* Required work *
What is needed is an exact copy of the lines in the listing below, from the one with "Alquiler de Kit" up to and including the one with "2025 beauty trend.", with no other lines.

* Data to process *
================================

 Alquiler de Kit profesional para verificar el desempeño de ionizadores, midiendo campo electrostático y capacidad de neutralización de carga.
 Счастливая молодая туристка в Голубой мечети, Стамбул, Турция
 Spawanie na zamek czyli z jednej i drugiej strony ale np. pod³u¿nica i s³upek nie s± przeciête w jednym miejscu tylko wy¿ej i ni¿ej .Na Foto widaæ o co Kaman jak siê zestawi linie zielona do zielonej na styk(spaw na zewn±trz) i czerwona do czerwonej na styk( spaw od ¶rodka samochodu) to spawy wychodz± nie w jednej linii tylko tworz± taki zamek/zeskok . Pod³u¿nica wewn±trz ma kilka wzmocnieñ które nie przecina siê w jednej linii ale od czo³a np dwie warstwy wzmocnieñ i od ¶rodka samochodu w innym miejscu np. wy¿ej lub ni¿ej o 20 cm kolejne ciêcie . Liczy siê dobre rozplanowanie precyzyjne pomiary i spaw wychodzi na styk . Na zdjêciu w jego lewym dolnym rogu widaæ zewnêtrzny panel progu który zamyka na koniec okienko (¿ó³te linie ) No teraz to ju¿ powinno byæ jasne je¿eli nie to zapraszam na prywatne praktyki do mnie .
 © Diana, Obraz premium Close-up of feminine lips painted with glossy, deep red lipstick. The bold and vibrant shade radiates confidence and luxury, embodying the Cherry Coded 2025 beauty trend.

================================

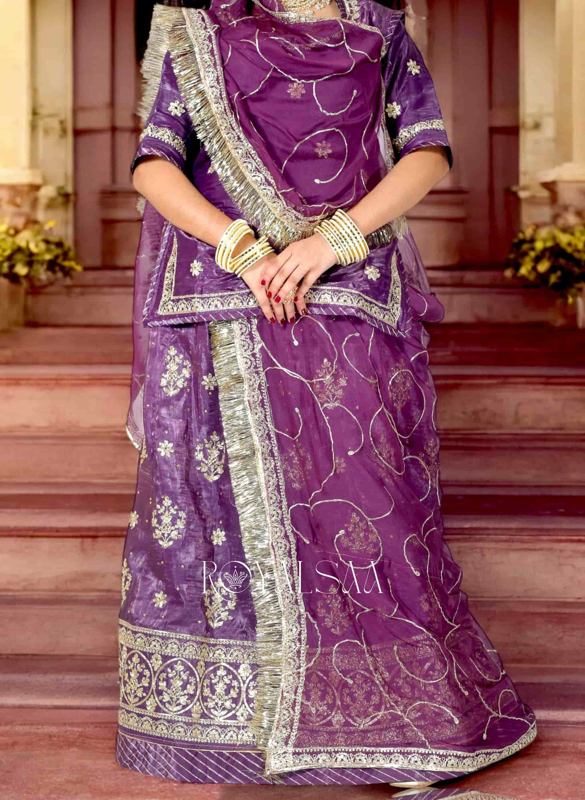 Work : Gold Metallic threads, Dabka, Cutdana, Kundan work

================================

* Output of the task *
 Alquiler de Kit profesional para verificar el desempeño de ionizadores, midiendo campo electrostático y capacidad de neutralización de carga.
 Счастливая молодая туристка в Голубой мечети, Стамбул, Турция
 Spawanie na zamek czyli z jednej i drugiej strony ale np. pod³u¿nica i s³upek nie s± przeciête w jednym miejscu tylko wy¿ej i ni¿ej .Na Foto widaæ o co Kaman jak siê zestawi linie zielona do zielonej na styk(spaw na zewn±trz) i czerwona do czerwonej na styk( spaw od ¶rodka samochodu) to spawy wychodz± nie w jednej linii tylko tworz± taki zamek/zeskok . Pod³u¿nica wewn±trz ma kilka wzmocnieñ które nie przecina siê w jednej linii ale od czo³a np dwie warstwy wzmocnieñ i od ¶rodka samochodu w innym miejscu np. wy¿ej lub ni¿ej o 20 cm kolejne ciêcie . Liczy siê dobre rozplanowanie precyzyjne pomiary i spaw wychodzi na styk . Na zdjêciu w jego lewym dolnym rogu widaæ zewnêtrzny panel progu który zamyka na koniec okienko (¿ó³te linie ) No teraz to ju¿ powinno byæ jasne je¿eli nie to zapraszam na prywatne praktyki do mnie .
 © Diana, Obraz premium Close-up of feminine lips painted with glossy, deep red lipstick. The bold and vibrant shade radiates confidence and luxury, embodying the Cherry Coded 2025 beauty trend.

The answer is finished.